Making a success of the census

Councils can help ensure the 2021 census gives a clear picture of local communities.

Although some authorities have expressed concern that the census is taking place this year, the Office for National Statistics has confirmed that it will proceed, so it is even more important that we help our residents to take part safely.

It’s also never been more important to get a clear picture of what local communities need, and the census is a crucial part of this. Census information will offer tangible benefits for your own community and council. 

The process for members of the public is very straightforward. Before Census Day, on 21 March, everyone will receive a letter through the post with an access code for the online questionnaire. People will then be asked to respond to a series of questions about themselves and their household. 

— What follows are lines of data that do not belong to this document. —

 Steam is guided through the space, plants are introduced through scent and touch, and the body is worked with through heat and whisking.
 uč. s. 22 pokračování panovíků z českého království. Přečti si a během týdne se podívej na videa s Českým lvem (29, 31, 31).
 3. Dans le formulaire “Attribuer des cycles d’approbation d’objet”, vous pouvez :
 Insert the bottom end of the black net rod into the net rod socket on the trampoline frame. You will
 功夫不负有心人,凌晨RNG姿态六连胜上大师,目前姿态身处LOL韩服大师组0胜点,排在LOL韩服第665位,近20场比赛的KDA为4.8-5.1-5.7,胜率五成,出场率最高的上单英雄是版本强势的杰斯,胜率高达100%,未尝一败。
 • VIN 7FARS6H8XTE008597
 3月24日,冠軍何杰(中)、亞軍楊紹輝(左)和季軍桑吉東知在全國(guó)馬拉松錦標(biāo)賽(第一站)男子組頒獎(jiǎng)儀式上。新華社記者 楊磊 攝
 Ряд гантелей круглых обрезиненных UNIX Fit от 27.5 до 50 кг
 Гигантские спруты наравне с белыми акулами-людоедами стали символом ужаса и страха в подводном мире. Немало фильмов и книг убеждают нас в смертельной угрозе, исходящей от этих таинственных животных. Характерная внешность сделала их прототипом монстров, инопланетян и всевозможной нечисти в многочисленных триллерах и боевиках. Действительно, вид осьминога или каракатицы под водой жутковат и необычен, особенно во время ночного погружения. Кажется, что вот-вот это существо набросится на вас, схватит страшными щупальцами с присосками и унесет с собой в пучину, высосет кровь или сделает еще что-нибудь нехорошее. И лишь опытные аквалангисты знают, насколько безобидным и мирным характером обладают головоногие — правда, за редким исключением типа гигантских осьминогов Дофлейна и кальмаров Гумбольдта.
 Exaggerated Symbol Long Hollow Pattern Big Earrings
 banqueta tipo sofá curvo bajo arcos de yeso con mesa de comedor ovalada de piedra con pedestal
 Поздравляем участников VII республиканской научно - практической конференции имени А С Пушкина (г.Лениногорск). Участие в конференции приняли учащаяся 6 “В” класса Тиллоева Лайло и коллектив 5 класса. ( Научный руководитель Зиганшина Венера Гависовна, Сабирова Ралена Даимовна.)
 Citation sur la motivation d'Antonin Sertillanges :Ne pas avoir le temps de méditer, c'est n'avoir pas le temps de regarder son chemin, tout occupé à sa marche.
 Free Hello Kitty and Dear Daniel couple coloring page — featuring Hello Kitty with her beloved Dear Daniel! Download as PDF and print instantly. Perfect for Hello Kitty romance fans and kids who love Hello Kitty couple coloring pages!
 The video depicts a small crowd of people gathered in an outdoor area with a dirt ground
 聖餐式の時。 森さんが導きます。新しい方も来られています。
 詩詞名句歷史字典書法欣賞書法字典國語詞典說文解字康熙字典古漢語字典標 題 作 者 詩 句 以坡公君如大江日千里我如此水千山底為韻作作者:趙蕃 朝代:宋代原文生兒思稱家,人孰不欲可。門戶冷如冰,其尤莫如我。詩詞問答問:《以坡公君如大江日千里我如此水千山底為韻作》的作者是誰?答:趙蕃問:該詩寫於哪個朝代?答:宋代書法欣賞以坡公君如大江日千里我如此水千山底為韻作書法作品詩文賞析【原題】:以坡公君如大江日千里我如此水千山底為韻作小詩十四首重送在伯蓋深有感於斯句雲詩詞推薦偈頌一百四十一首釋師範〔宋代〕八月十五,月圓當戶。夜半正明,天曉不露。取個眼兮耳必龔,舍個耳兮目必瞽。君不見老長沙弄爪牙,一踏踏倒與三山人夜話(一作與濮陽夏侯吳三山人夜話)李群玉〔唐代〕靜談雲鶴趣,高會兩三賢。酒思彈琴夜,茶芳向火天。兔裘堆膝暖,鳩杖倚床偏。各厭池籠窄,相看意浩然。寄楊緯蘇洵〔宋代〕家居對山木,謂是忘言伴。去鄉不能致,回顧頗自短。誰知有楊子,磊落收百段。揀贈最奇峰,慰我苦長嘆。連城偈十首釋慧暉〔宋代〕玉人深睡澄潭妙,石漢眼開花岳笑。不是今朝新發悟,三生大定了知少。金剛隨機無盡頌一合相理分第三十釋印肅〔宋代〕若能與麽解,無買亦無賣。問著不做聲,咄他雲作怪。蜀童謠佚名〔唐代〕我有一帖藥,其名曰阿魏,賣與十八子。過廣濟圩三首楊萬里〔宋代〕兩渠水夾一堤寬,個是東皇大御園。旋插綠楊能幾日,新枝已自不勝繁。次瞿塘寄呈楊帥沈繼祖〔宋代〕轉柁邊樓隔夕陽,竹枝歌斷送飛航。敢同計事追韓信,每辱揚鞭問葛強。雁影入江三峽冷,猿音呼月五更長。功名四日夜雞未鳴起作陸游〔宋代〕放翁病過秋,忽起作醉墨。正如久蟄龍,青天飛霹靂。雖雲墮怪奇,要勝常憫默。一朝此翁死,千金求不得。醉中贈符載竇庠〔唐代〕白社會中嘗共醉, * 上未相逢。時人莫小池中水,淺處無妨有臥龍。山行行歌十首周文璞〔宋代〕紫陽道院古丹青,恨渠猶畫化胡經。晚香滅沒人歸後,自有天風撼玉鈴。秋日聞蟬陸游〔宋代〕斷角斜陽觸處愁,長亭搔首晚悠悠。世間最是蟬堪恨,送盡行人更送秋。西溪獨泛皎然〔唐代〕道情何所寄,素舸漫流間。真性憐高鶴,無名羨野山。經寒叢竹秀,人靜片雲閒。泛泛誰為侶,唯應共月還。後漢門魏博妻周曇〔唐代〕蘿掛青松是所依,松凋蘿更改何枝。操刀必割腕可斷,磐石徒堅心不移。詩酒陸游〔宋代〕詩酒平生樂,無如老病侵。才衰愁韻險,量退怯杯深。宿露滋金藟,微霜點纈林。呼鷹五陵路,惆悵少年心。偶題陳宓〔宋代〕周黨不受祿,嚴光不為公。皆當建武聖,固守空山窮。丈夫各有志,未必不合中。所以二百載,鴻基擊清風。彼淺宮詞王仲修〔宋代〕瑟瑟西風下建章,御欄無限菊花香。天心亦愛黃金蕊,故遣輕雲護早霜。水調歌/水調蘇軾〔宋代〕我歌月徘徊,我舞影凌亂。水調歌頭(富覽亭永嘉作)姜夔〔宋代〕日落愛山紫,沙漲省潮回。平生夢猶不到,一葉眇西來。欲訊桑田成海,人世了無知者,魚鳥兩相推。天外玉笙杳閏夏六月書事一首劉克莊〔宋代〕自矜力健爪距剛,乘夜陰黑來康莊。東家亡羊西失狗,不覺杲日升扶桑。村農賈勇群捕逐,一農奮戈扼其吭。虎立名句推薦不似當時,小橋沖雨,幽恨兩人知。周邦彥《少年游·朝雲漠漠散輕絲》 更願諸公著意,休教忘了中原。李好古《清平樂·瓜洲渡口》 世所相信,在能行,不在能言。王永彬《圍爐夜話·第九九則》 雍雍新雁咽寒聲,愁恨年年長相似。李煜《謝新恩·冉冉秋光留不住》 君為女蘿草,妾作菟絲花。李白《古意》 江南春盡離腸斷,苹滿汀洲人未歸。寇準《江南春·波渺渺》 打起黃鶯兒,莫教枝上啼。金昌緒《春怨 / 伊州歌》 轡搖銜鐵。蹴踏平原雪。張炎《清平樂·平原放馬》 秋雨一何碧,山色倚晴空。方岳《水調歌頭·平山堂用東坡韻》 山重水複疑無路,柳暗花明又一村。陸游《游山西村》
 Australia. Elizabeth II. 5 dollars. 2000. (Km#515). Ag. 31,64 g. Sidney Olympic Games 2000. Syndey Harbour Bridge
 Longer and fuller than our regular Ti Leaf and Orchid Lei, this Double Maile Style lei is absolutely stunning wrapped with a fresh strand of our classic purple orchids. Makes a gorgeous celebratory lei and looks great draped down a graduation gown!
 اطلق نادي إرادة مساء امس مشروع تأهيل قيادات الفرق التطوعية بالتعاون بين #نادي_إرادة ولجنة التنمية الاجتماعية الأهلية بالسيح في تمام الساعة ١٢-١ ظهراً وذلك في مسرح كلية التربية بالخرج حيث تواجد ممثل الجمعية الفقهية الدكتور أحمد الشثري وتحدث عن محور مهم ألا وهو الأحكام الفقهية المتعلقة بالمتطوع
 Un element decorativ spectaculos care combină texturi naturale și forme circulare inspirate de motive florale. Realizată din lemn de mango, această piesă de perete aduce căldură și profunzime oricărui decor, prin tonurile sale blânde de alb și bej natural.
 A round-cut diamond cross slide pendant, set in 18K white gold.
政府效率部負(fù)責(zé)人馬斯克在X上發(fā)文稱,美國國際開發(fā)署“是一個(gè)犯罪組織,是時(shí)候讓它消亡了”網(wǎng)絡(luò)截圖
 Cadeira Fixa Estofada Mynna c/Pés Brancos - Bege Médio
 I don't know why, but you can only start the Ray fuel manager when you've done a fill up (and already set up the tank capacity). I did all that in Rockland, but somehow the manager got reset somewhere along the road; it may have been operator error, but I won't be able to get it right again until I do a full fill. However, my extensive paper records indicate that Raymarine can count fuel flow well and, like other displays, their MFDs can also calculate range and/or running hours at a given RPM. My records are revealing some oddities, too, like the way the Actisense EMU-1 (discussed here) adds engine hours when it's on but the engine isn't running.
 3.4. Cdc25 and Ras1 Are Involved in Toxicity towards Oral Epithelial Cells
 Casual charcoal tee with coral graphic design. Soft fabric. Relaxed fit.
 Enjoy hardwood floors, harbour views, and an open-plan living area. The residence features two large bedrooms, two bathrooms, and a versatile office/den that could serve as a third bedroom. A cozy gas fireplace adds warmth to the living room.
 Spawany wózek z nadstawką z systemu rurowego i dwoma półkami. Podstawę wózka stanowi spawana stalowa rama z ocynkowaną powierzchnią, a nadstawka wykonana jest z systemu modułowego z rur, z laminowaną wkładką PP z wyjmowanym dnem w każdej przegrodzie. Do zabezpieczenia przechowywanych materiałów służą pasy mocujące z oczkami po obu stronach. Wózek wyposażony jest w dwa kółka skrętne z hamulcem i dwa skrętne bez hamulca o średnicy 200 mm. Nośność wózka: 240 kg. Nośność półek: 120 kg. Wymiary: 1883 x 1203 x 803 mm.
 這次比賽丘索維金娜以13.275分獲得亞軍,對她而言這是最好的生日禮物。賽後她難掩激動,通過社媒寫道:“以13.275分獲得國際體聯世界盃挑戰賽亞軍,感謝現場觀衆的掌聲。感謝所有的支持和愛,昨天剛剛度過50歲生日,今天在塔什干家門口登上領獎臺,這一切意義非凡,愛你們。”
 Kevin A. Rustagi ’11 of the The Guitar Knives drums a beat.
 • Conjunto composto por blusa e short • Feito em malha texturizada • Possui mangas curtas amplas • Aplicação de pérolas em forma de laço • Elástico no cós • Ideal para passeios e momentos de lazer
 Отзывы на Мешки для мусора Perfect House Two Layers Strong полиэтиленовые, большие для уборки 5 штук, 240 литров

We should all stay up to date on census activities in our areas, and get familiar with the resources for local authorities at www.census.gov.uk/downloadable-resources. There is also a guide for councillors at bit.ly/3bFtmyr.

We can find out who are the census liaison manager (CLM) and assistant census liaison manager (ACLM) in our council, and contact them to see how we can support their plans. 

There’s even more we can do beyond that. As trusted local figures, our positivity about the census will make a big difference. 

When residents come to us with questions, we can let them know that the census is legitimate and important. We can offer reassurance, for example, that people’s personal information will be kept safe, or that census staff who knock on their door will show an ID badge. 

We can follow the census on Twitter, Instagram and Facebook – the handles are @Census2021 and @Cyfrifriad2021. Sharing posts on our own channels will get them seen more widely.

Though the COVID-19 situation presents challenges, people can take part in the census safely and easily by filling in the questionnaire online or ordering a paper form by post. Census 2021 is designed to make sure that the public and field staff stay safe – for example, no census staff will enter anyone’s home. 

We can also let people know they’ll be free to choose the way they identify on the census questionnaire. For questions such as those about ethnicity and religion, people are encouraged to complete the questionnaire how they feel best represents them.

Most people will be able to fill in the online questionnaire themselves, while others will need extra help. Here, too, our role is very important, as we can help signpost our communities to the wide range of support that’s available.

The census’s free contact centre – offering help over the phone, as well as via webchat, text message and more – opened on 1 March, and telephone and other contact details are available at www.census.gov.uk.

Staff from the Office for National Statistics will be working in our communities to make sure that everybody can take part. Language support will include a translation helpline, and guidance booklets in up to 49 languages. Support will be provided in accessible formats, including braille, large print and Easy Read. 

We’ve all got a part to play in boosting response rates and making sure our communities are fully engaged. The message we need to help spread is that the census is for everyone.